Work request>
From the line that contains "The material removal" down to the last line of the entries, please return everything exactly, except the pictures.

/---

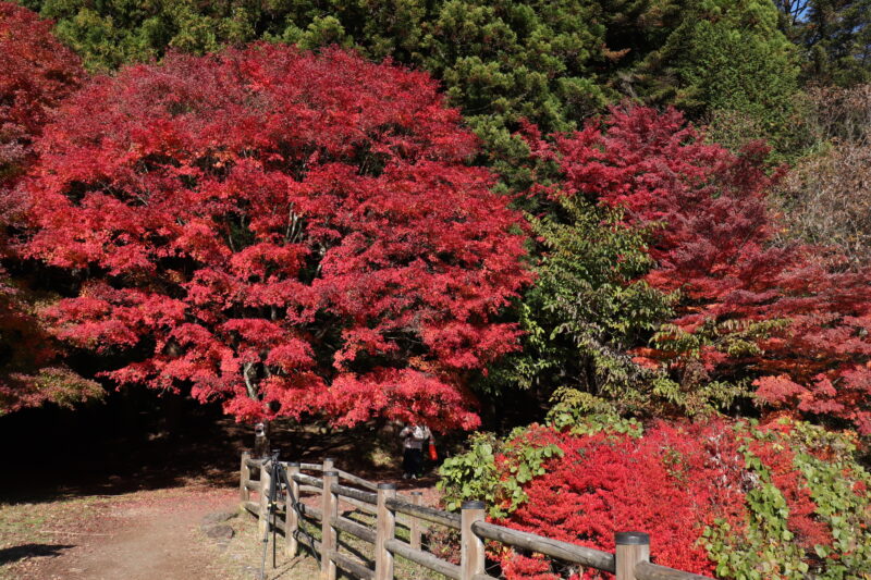 湖面側では燃えるように赤々とした紅葉が見られるのは今がチャンス!
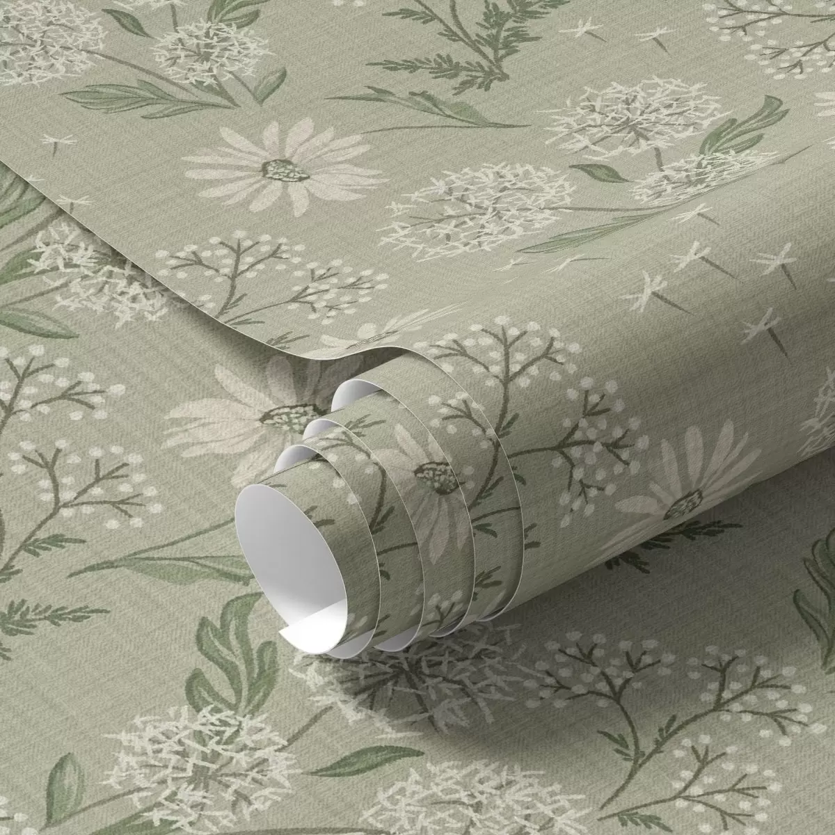 Papiers peints Pissenlits et marguerites, motif botanique sur fond gris-vert Nr. a00224
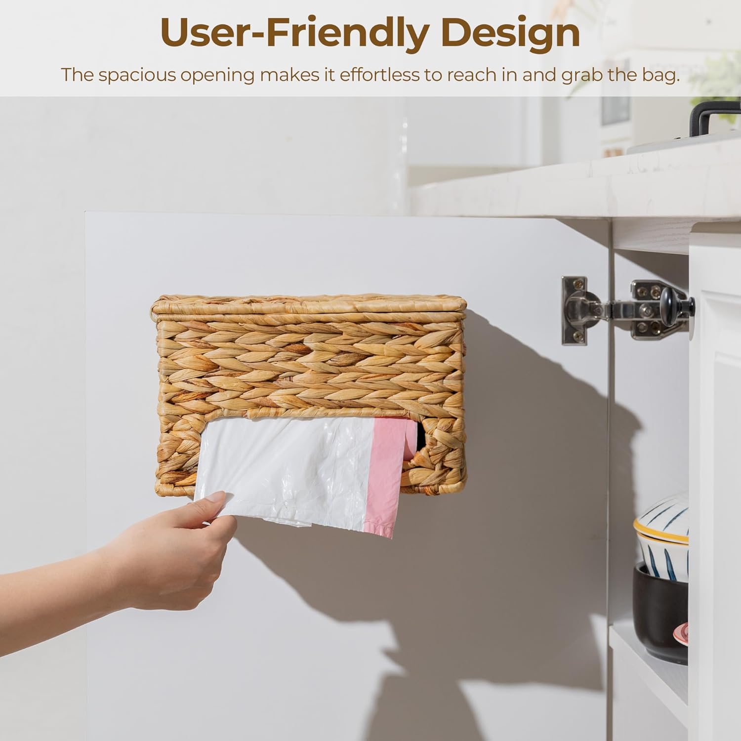 Built to Last: This eco-conscious garbage bag holder is crafted from natural water hyacinth and handwoven by skilled artisans. Durable design, lighter planet footprint.
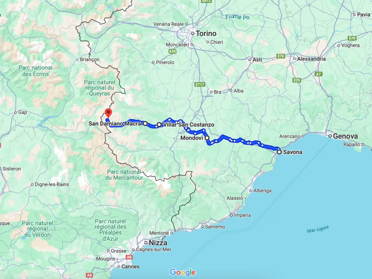 - Savona - Mondovì tramite E717 (circa 100 km);
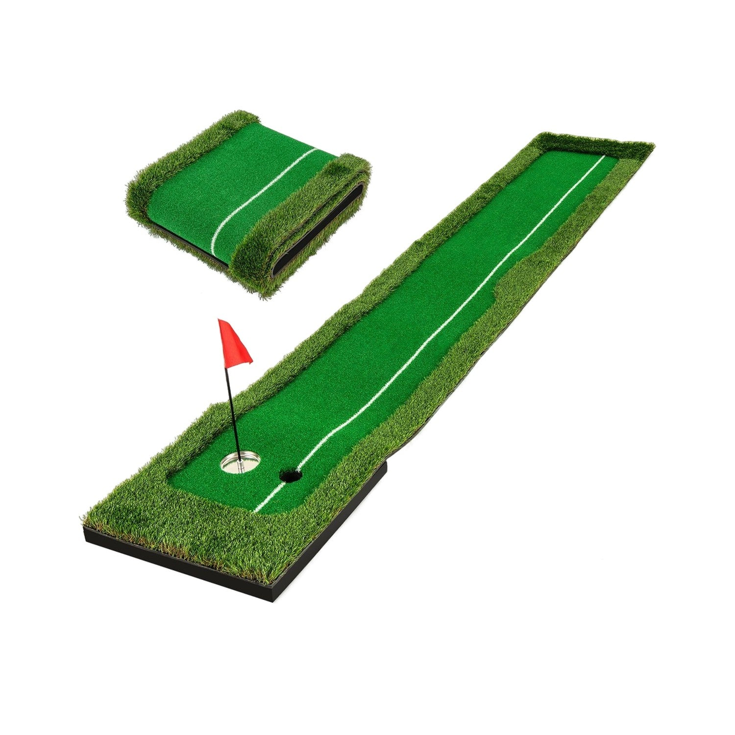 1x Tapete de golf, 2x Tees, 1x Varilla de alineación, 6x Agujeros de salida
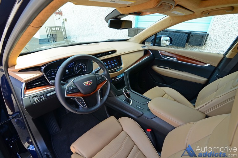 The expression of Cadillac’s luxury details are ample with the center dashboard canted in an even butterfly shape to reach a center-lined point of the vehicle. Most materials are exactly what they appear to be, from generous use of finely stitched leather encasing suede, wood, and aluminum trim, which all come together to emit a true taste of luxury. The limited amount of plastics are smartly placed in areas that are hardly touched and there is an abundance of soft-touch surfaces and a suede headliner surrounding the massively-sized panoramic power-sliding sunroof with a power-sliding sunshade that blocks all visible sun rays when closed. Cargo space in the XT5 behind the rear seats when in place is 30 cubic feet, and opens up to useful 63 cubic feet with the rear seatbacks folded down, which is rather generous for the midsized crossover segment. Towing capacity is 3,500 pounds for all trim levels.
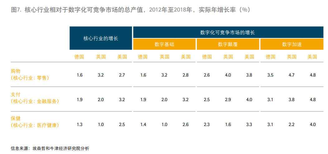 然而,数字化可竞争市场的规模到底有多大?发展速度是否比传统行业更快?对此,埃森哲与牛津经济研究院分析了德国、英国和美国三大经济体的数据,从购物(零售)、支付(金融服务)及保健(医疗保健)三个关键市场寻找答案。结果显示,数字化可竞争市场相较于其核心行业,将实现更高的增长率。
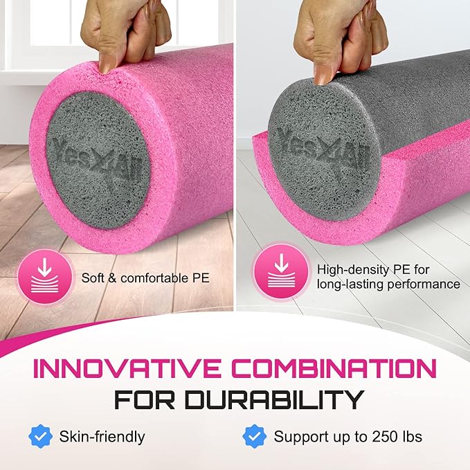 - MATERIAL INNOVATION: Yes4All high density foam roller is an ideal combination of two layers (foam roller Soft PE and High Density PE); Thus, it brings the benefits of PE material and has a long lifespan without breaking or deforming easily
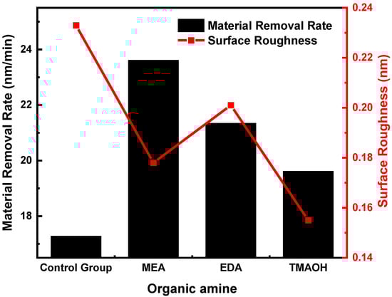 The material removal rate (MRR) and surface roughness (Ra) of silicon wafers using the control group and experimental group polishing slurry with a pH of 10.50 are shown in Figure 8. The analysis of MRR data clearly demonstrated that silica sol in experimental groups achieved significantly higher removal rates in comparison to the control group. A higher hydroxyl content was more favorable for surface protection, which led to a decrease in the polishing rate as the hydroxyl content increased. Therefore, the polishing rate was in the following order: MEA > EDA > TMAOH.
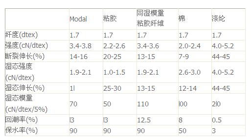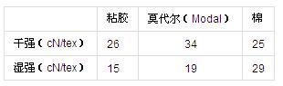 ⑴莫代尔(Modal)具有高强力纤维均匀的特点,湿强力约为干强力的50%,优于粘胶的性能,具有较好的可纺性与织造性。粘胶、莫代尔(Modal)、棉的干湿强度对比见表:

\---

Final answer>
 The material removal rate (MRR) and surface roughness (Ra) of silicon wafers using the control group and experimental group polishing slurry with a pH of 10.50 are shown in Figure 8. The analysis of MRR data clearly demonstrated that silica sol in experimental groups achieved significantly higher removal rates in comparison to the control group. A higher hydroxyl content was more favorable for surface protection, which led to a decrease in the polishing rate as the hydroxyl content increased. Therefore, the polishing rate was in the following order: MEA > EDA > TMAOH.
 ⑴莫代尔(Modal)具有高强力纤维均匀的特点,湿强力约为干强力的50%,优于粘胶的性能,具有较好的可纺性与织造性。粘胶、莫代尔(Modal)、棉的干湿强度对比见表:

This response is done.